The following is an example of a Slack message received on a netq-notifier channel indicating that the BGP session on switch leaf04 interface swp2 has gone down:
For more information, refer to Events and Notifications.
Timestamps in NetQ
Every event or entry in the NetQ database is stored with a timestamp that reports when the NetQ Agent captured an event on the switch or server. This timestamp is based on the switch or server time where the NetQ Agent is running, and is pushed in UTC format.
Interface state, IP addresses, routes, ARP/ND table (IP neighbor) entries and MAC table entries carry a timestamp that represents the time an event occurred (such as when a route is deleted or an interface comes up).
Data that is captured and saved based on polling has a timestamp according to when the information was captured rather than when the event actually happened, though NetQ compensates for this if the data extracted provides additional information to compute a more precise time of the event. For example, BGP uptime can be used to determine when the event actually happened in conjunction with the timestamp.

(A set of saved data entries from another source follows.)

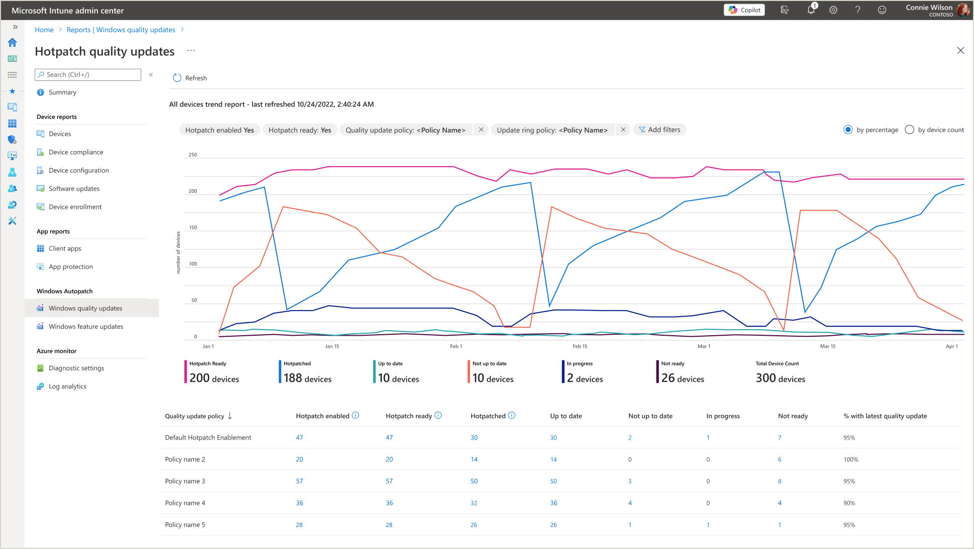 Mit dem Security Update im Mai wird das Einspielen der Updates via Windows Autopatch damit zum Standardverhalten. Ausgeschlossen sind Geräte, auf denen die Quality Update Policy angewendet wird. Weiter lässt sich Autopatch auch ich für einzelne Gerätegruppen oder den ganzen Tenant ausschalten. Rechner, die die oben genannten Voraussetzungen nicht erfüllen, werden weiterhin über den bestehenden Prozess gepatcht. Ob ein Gerät für Autopatch verfügbar ist, kann aus dem Hotpatch Quality Updates Report in Intune ausgelesen werden (siehe Bild unten).
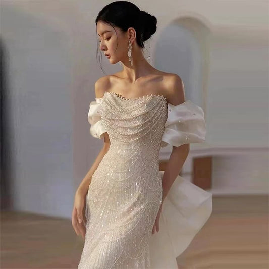 Sequined Rhinestone Evening Gown Mermaid Puff-Sleeve
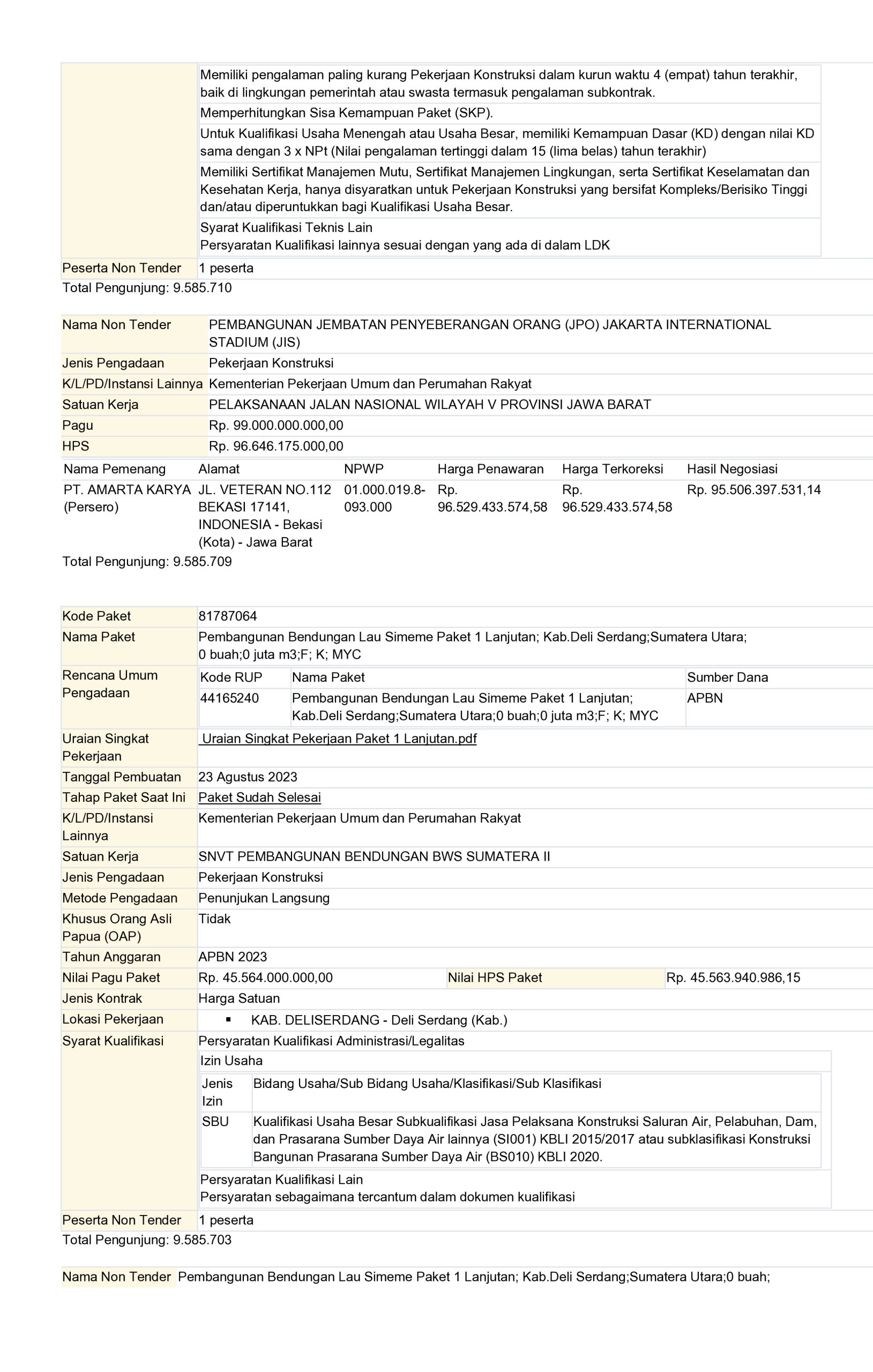 - Satuan Kerja SNVT Pembangunan Bendungan BWS Sumatera Utara, Kode Paket 81787064 : Pembangunan Bendungan Lau Simeme Paket 1 Lanjutan Kab. Deli Serdang Sumatera Utara, Kode RUP 44165240, Dana APBN 2023, Nilai Pagu Rp 45.564.000.000,-, Nilai HPS Rp 45.563.940.988,15; Pemenang Wijaya Karya (Persero) Tbk, Harga Kontrak/Nilai UMK Rp 45.549.515.577,-. Pengumuman Pemenang Tgl. 6 Oktober 2023.Paket ini seharusnya hanya untuk Penyedia Pekerjaan Konstruksi Kualifikasi Usaha Menengah, sedangkan PT. Wijaya Karya (Persero) Tbk merupakan Penyedia Pekerjaan Konstruksi Kualifikasi Usaha Besar BUMN.

Restarting a NetQ Agent on a device does not update the timestamps for existing objects to reflect this new restart time. NetQ preserves their timestamps relative to the original start time of the Agent. A rare exception is if you reboot the device between the time it takes the Agent to stop and restart; in this case, the time is still relative to the start time of the Agent.
Exporting NetQ Data
You can export data from the NetQ Platform in the CLI or UI:
- In the CLI, use the
json
option to output command results to JSON format for parsing in other applications - In the UI, expand the cards to a full-screen, tabular view and select Export.
Important File Locations
The following configuration and log files can help with troubleshooting. See Troubleshoot NetQ for more information.
File | Description |
---|---|
/etc/netq/netq.yml |
The NetQ configuration file. This file appears only if you installed either the netq-apps package or the NetQ Agent on the system. |
/var/log/netqd.log |
The NetQ daemon log file for the NetQ CLI. This log file appears only if you installed the netq-apps package on the system. |
/var/log/netq-agent.log |
The NetQ Agent log file. This log file appears only if you installed the NetQ Agent on the system. |